Dr Helmy said among the treatments available and recommended by World Health Organisation (WHO), was a combination of therapy with artemisinin, which was used to overcome and prevent the development of resistant plasmodium.
“Treatment must be carefully and strictly monitored and adhered to, to prevent resistance. We are at substantial risk of getting malaria if we travel to malaria-endemic places or areas for a long time without any precautionary measures.
“However, we can reduce infection by taking precautions such as taking preventive medicines like prophylaxis, wearing appropriate protective clothing, applying mosquito repellents, and using bed nets when travelling to endemic places,” he said.
He advised pregnant women and those with conditions affecting the spleen to avoid travelling to endemic areas.
In the case of Sarawak, he said, the army, loggers or timber workers as well as plantation workers, were at high risks.
“A person with recent travel to malaria-endemic areas should immediately seek treatment if some similar symptoms appear.

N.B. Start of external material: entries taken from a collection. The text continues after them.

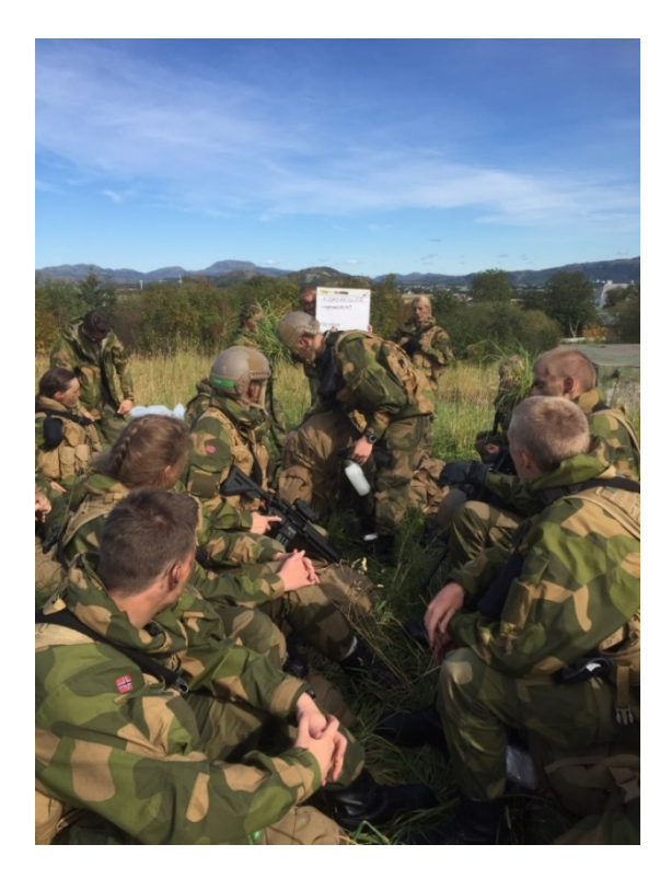
Figure 4.7 The soldiers can easily have discussions regardless of sex, but are often out of synchronisation when it comes to bedtimes.

The scientists present some possible explanations for the observed difference, but no conclusive cause has yet been proved. This is an area which would benefit from further research.
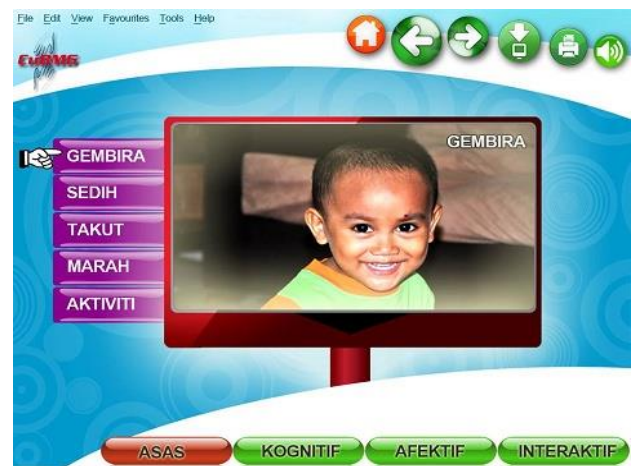
Figure 2 The main menu of CuBMG

Based on the above framework, the culture-based multi-modal mind games will be developed. Figure 2 shows a proposal for the main menu of the games which consists of 4 basic modules: Foundation Skills, Interaction Skills, Affective Skills and Cognitive Skills. If the user choose Foundation button, there will be submenu to choose: HAPPY, SAD, AFRAID and ANGRY. There is also an ACTIVITY option button to be chosen. Under this activity, random pictures will be shown to the child and they are expected to choose the correct picture as can be seen in Figure 3. The audio and text will notify them upon successful answer or ask the child to re-select the correct answer if the first attempt fails.
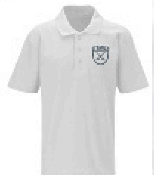
spare polo shirt
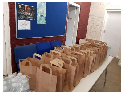
Packed lunches available throughout the holidays to all school children

Social media and the online space have been both lively and a valuable tool for WCFP in the past 12 months. Online channels, mainly Facebook, have allowed us to keep our clients and donors informed of the changes going on both organisationally and in response to the pandemic. This includes the usual information such as the stock that we require, but this year also news of opening times, closures across any of the sites, updated safety protocols to be aware of, and also of the various different support schemes we have had running throughout the year such as the packed lunch scheme.
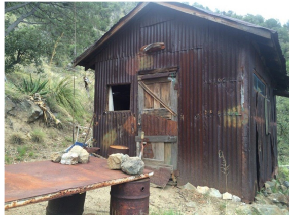
Figure 1: Catalina Camp Main Cabin

The cabin (Figure 1) has a sign over the door identifying it as “One Park Place”. Inside the cabin you will find a chandelier hanging from the ceiling (Figure 4) and two stained glass windows (Figures 2 and 3 depict the windows). You will also find a wood burning stove (Figure 2) to keep you warm in the winter. There are currently (as of July 2015) chairs and a cot if you

“If treated late, a person with malaria can develop complications from severe malaria, for instance, cerebral malaria, anaemia, renal failure and blood clotting problems, among others,” he added.
The Sarawak-level World Malaria Day 2022 and Agenda Nasional Malaysia Sihat (ANMS) 2022 will be held at the Town Square in Kapit today (Aug 6) at 9am.
According to WHO, no single tool that is available today will solve the problem of malaria. WHO called for investments and innovation that bring new vector control approaches, diagnostics, antimalarial medicines and other tools to speed the pace of progress against malaria.
Despite steady advances in lowering the global burden of malaria between 2000 and 2015, progress has slowed or stalled in recent years, particularly in high burden countries in sub-Saharan Africa.
Themed “Harness innovation to reduce the malaria disease burden and save lives”, WHO said an urgent and concerted action would be needed to set the world back on a trajectory towards achieving the 2030 targets of the WHO global malaria strategy.